As is tradition in the Adelson household, at around 3 o'clock in the afternoon, Thanksgiving Thursday, my mother kicked everyone out of our house except the one other adult who could turn on an oven (I bounced). This became standard back in 1995 when my siblings were still routinely sent to the principal for their unreliable exuberance and for using their very hard heads as weapons, and later, when my young cousins developed a knack for annual stitches and/or throw up: we tried to avoid these mishaps by going to the movies. This year's pick? Bolt.

Perhaps I was delirious from the horrible two weeks we all have ahead of us, or maybe I was hungry; it could just as easily be that I'm a closeted six-year-old, but I laughed as hard at Bolt as I did at Forgetting Sarah Marshall, which I viewed in theaters twice, once drunk, then again sober to see if it was in fact as funny as I remembered it (it is, so see it if you haven't).

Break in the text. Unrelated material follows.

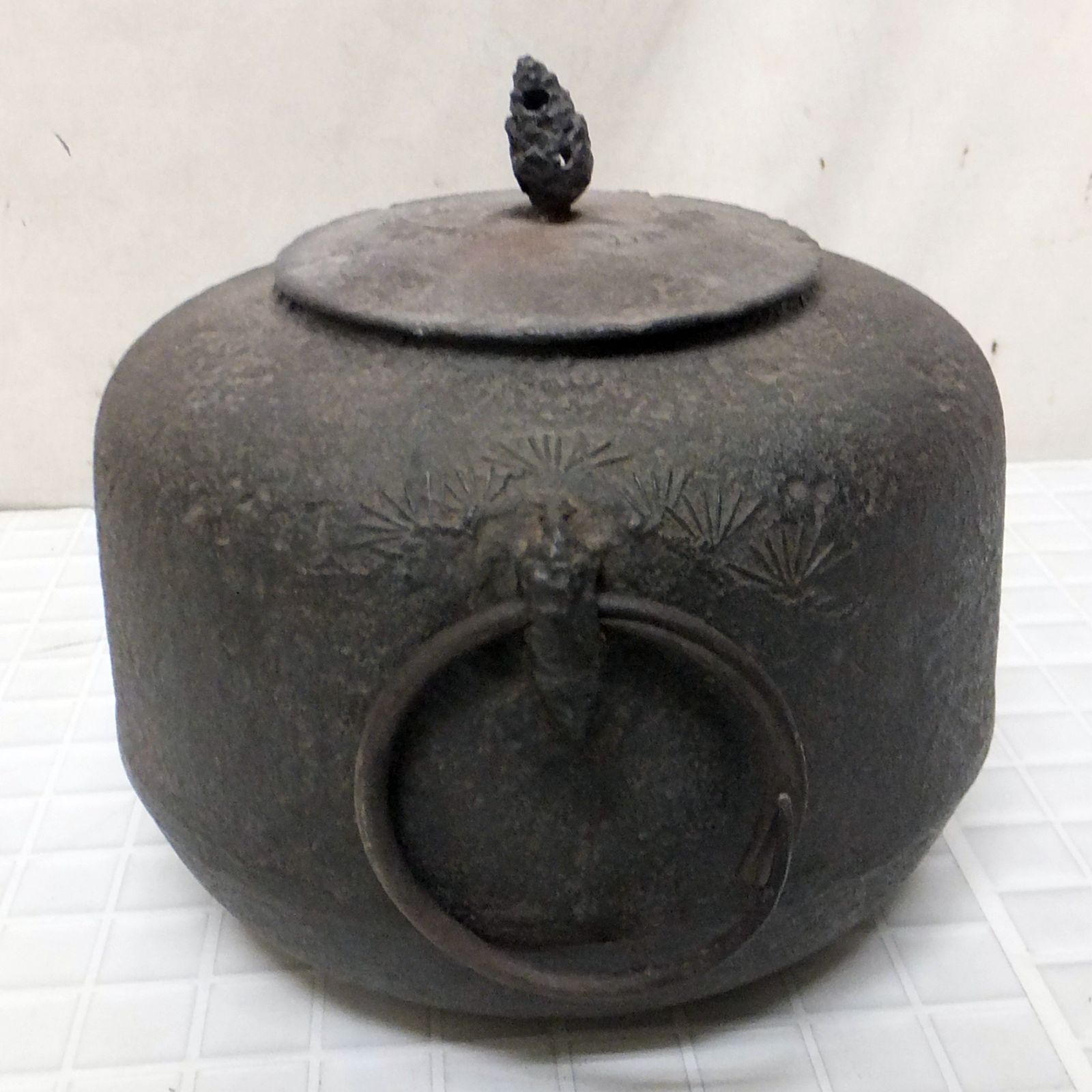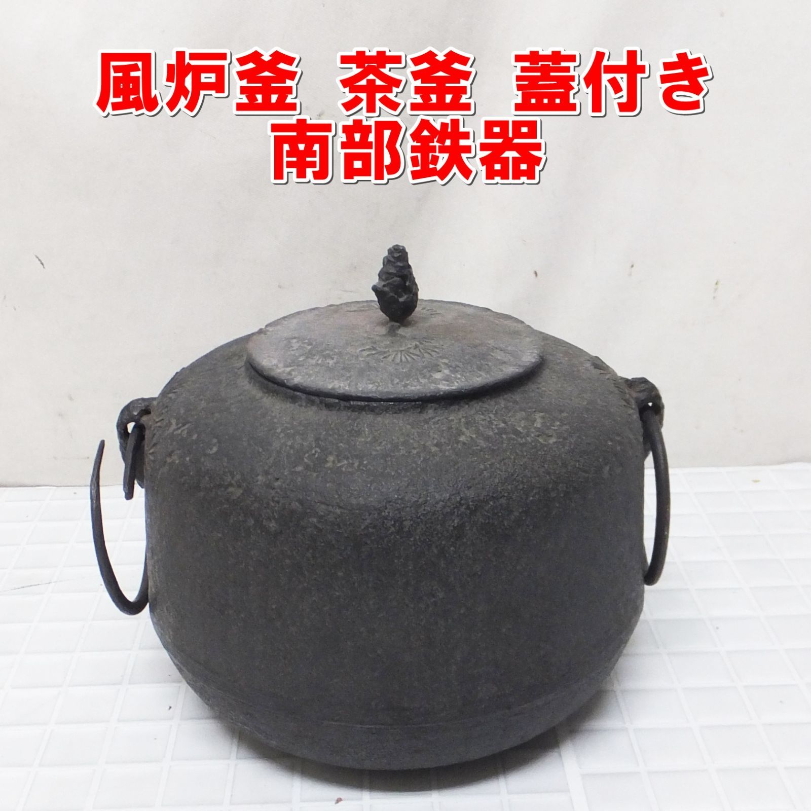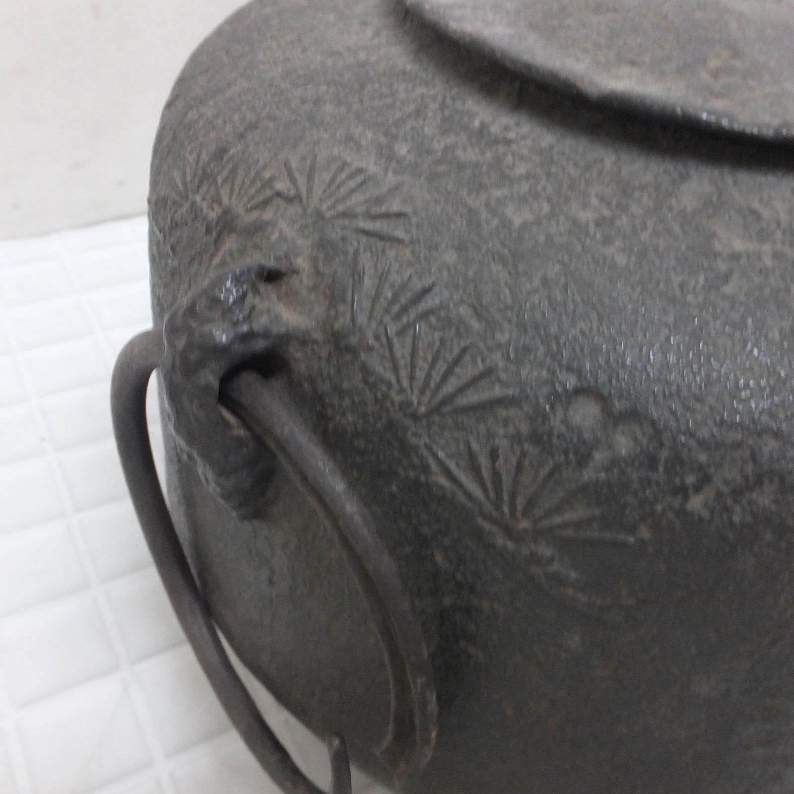 R615【茶道具】風炉釜 茶釜 蓋付き 南部鉄器 /10

One thing remains clear though, as evidenced by "Rhino," the primary source of comic relief in the film, all of the previews featuring "Bugsy" for Adam Sandler's new Bedtime Stories, and our new favorite viral video: Hamsters are in.

As has been the trend for the last few years, penguins infiltrated documentaries, and pretty much every animated childrens' movie under the sun. Truly, who doesn't love a well-dressed, elusively stoic little nugget to waddle in and steal scenes? Not the case anymore: sure, we still love little pengies, but overbites and squeaking have replaced tuxedos and tap-dancing, I'm afraid. Finally, my days of caring for my cannibalistic hamster Frizbee (literally, ate her babies after I'd had her for four days) are justified. If only my fourth grade class knew how cool I was NOW.